Katherine Kerr is a rising junior at Purdue University, majoring in Biomedical Engineering. She is working in Dr. Paul Janmey’s lab, measuring the shear rheology of soft biomaterials.
Viscoelastic Properties of Tofu as a Phantom for Liver Disease Diagnosis
Liver disease is the cause of approximately two million deaths globally each year. Many liver diseases, such as liver fibrosis, are characterized by alterations in the mechanical properties of liver tissues. Magnetic resonance elastography (MRE) provides a noninvasive tool to diagnose and monitor liver disease by measuring the mechanical properties of tissues. To ensure accurate evaluations of tissue properties, materials called phantoms are often used to calibrate an MRE device. Traditional phantoms, such as polymeric gels, can be expensive, difficult to produce at large scales, and lack complex structures associated with liver tissue. Tofu offers a phantom candidate that is cheaper and easy to manufacture. In this work, the rheological properties of two types of commercial tofu, varying in firmness, were studied at different compression levels, making use of a home-made torsion pendulum.
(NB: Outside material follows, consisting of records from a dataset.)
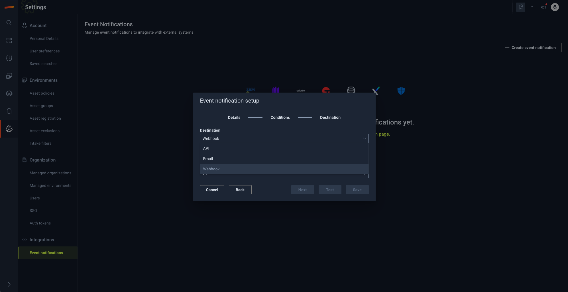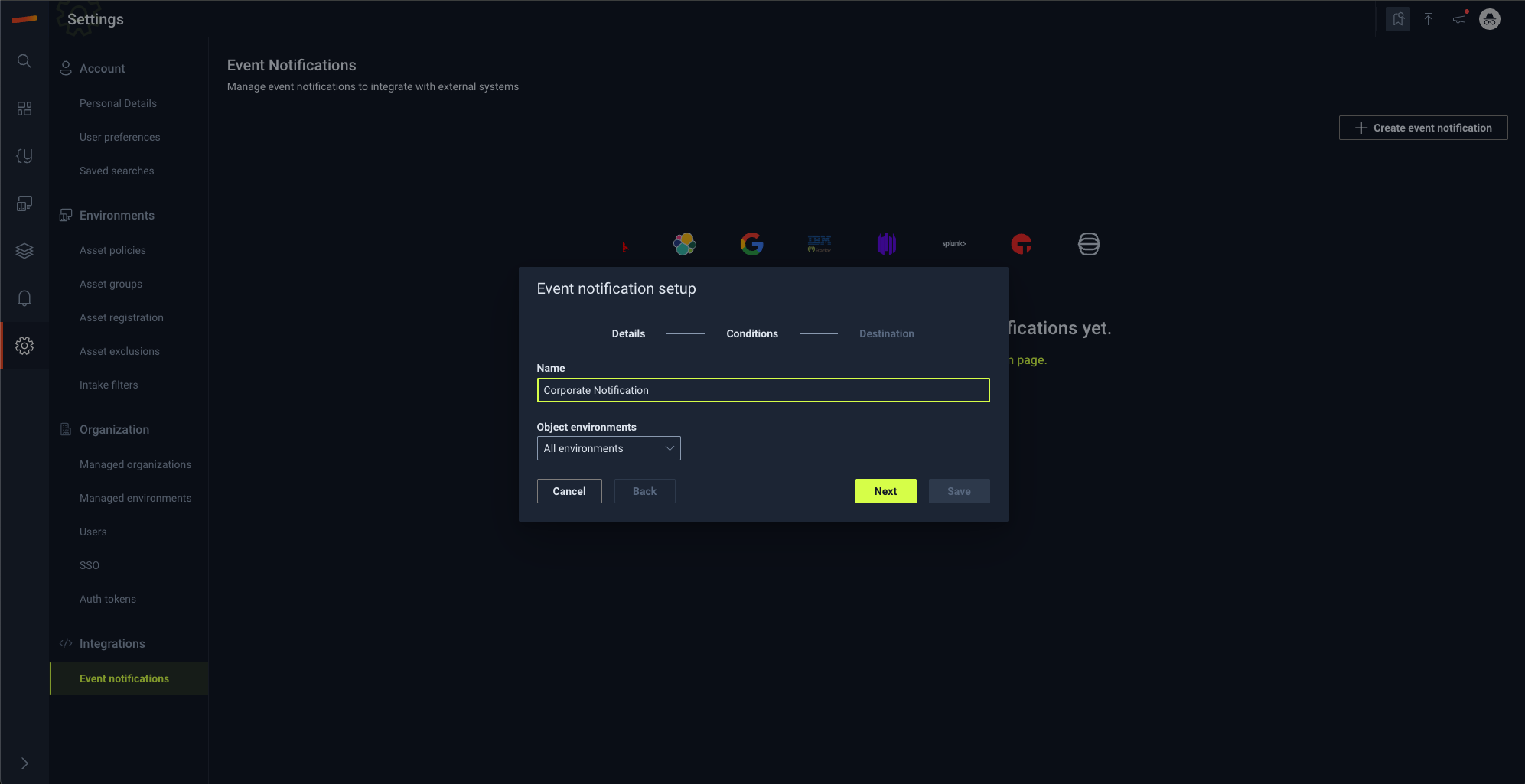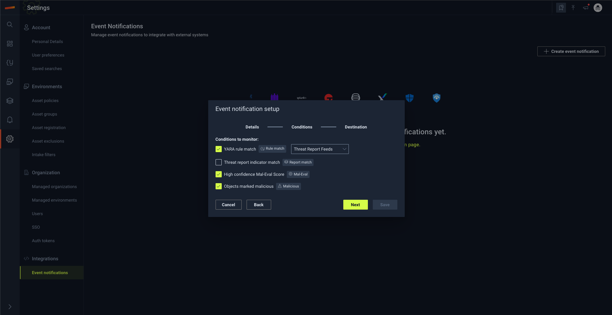 - YARA Rule Match will match any YARA rule in the environments selected on the conditions screen to any object in the environments selected on the details screen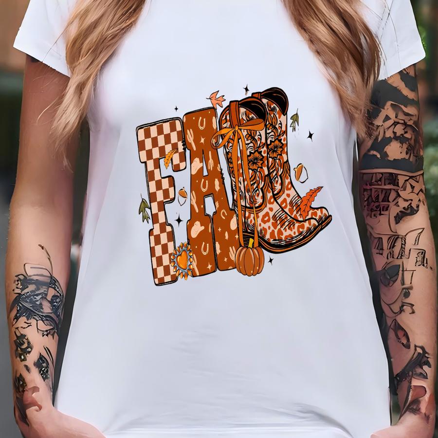 Preppy Fall Boots Western Shirt, Checkered Pumpkin Howdy Tshirt, Retro Cowgirl Autumn Graphic, Cozy Country Rodeo Fall Shirt. T-shirt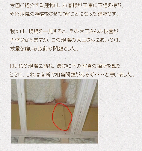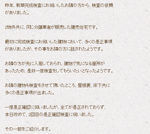 建築主が、工事途中から施工会社に不信感を抱くようになり、当事務所が検査することに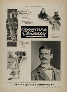 This is an original 1897 black and white print ad for the Franklin Engraving & Electrotyping Company, 341-351 Dearborn Street, Chicago, with samples of their engraving work.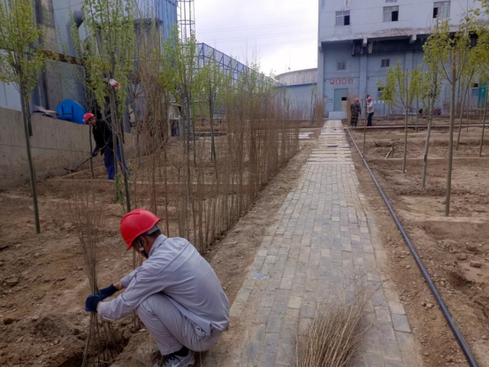 連日來,經(jīng)過一番番熱火朝天的勞動后,近1000棵楊柳樹、絲棉樹,一棵棵新栽、補栽的樹苗亭亭玉立,在明媚的春光中展現(xiàn)勃勃生機,為新春的廠區(qū)增添絲絲活力。

The pendulum was compromised of two aluminum plates, a labjack to which the tofu was fixed, and a rotary motion sensor. A cylindrical tofu sample was sandwiched between the labjack and plates. The plates were rotated by a small angle and then released. The subsequent oscillation angle was measured and used to infer the viscoelastic properties of tofu at various compression levels up to fifty percent. It was found that both types of tofu exhibited compression stiffening and shear softening properties, being qualitatively similar to liver properties. Our results suggest that tofu could be used as a tissue mimicking phantom to calibrate and validate MRE results.